I’m adjusting, too. I need to make sure I’m up early enough to get the little cherubs out of bed and on their way to the car or bus. I’m helping children get their breakfast and find their things so they can be on time for school. The first day of school was tough. Kids had tons of supplies to see themselves through the school year. Usually, we can get to the school a day or two before the official first day and drop the things off so children can just walk to their classrooms on Day One and not worry about anything else but making it to the classroom and seeing who they were sitting next to.

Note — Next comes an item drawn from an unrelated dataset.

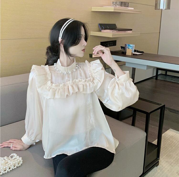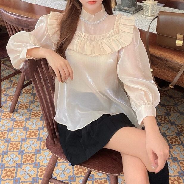 トップス レディース ブラウス 袖あり 長袖 ボリューム袖 ハイネック ギャザー フリル ビジュー 光沢 ひらひら 白 ホワイト 黒 ブラック ニュアンスカラー アプリコット かわいい 大人可愛い 大人 大人女子 きれいめ おしゃれ お洒落 シンプル ラブリー キュート ガーリー 10代 20代 30代 通勤 学生 通学 デート お出かけ 女子会 休日 イベント 普段使い カジュアル こなれ感 抜け感 とろみ感 ゆったり ゆる 上品 エレガント セクシー フォーマル 結婚式 二次会 披露宴 パーティー

It didn’t happen this time. Oh, well. I dropped off The Oppressed and The Boy with their gear. Luckily, things fit in their bags and they were able to remain upright on their way into the building. I went home and did my work, patiently waiting for the time I could return to the school and find out about their day.

That glorious time came and I eagerly waited at the school parking lot for the doors to open and release the children from the temporary adult oppressors to the permanent oppressors. The Oppressed was in relatively good spirits and gave about as much information as I could expect. The Boy, on the other hand, was none too happy. Apparently, his teacher took his things from him as soon as he got to his room and locked them up on him. The Boy didn’t understand why the teacher had to take his things away from him without any explanation. I decided to find out more about this and asked The Oppressed, who just happened to be an alumna of this teacher. It turns out this teacher allows the students to keep what they need in their desks and the excess stock is kept in a closet. When the student needs something, the teacher will fetch it from the closet, thereby making sure that everything is accounted for, nothing gets lost, and the student has everything they need for a successful school year. The Boy didn’t exactly see it that way and was upset with his teacher for days because she, “stole” the things he needs for school. The Oppressed and I tried to explain what happened. The Boy said she should have spoke to him about it and asked him if it was alright to take his things before she took it. After all, The Boy reminded us, it’s his stuff.

Despite my inexperience and lack of know-how when it comes to parenting (I just live here with my children), I have learned there are times when it is best to just let kids sulk and stew about the cruel lot cast upon them by fate. At this point, all I can do is patiently wait for The Boy to need something and, at that time, the teacher will go to the closet and retrieve what he needs from the supply closet. Maybe then he will understand the grand scheme of the teacher and her classroom.

Time will tell. As of now, there are other things to deal with. Another round of the Homework Wars will be descending upon us. There are flag-football, cheerleading, and cross-country practices to attend. Wife and I have our own jobs. I know I said something about having uninterrupted conversations with my wife while the children are away, but there may be other things lurking in the shadows and waiting to snatch whatever chance I have to talk to her without someone or something jumping in and fill what I thought was an opening.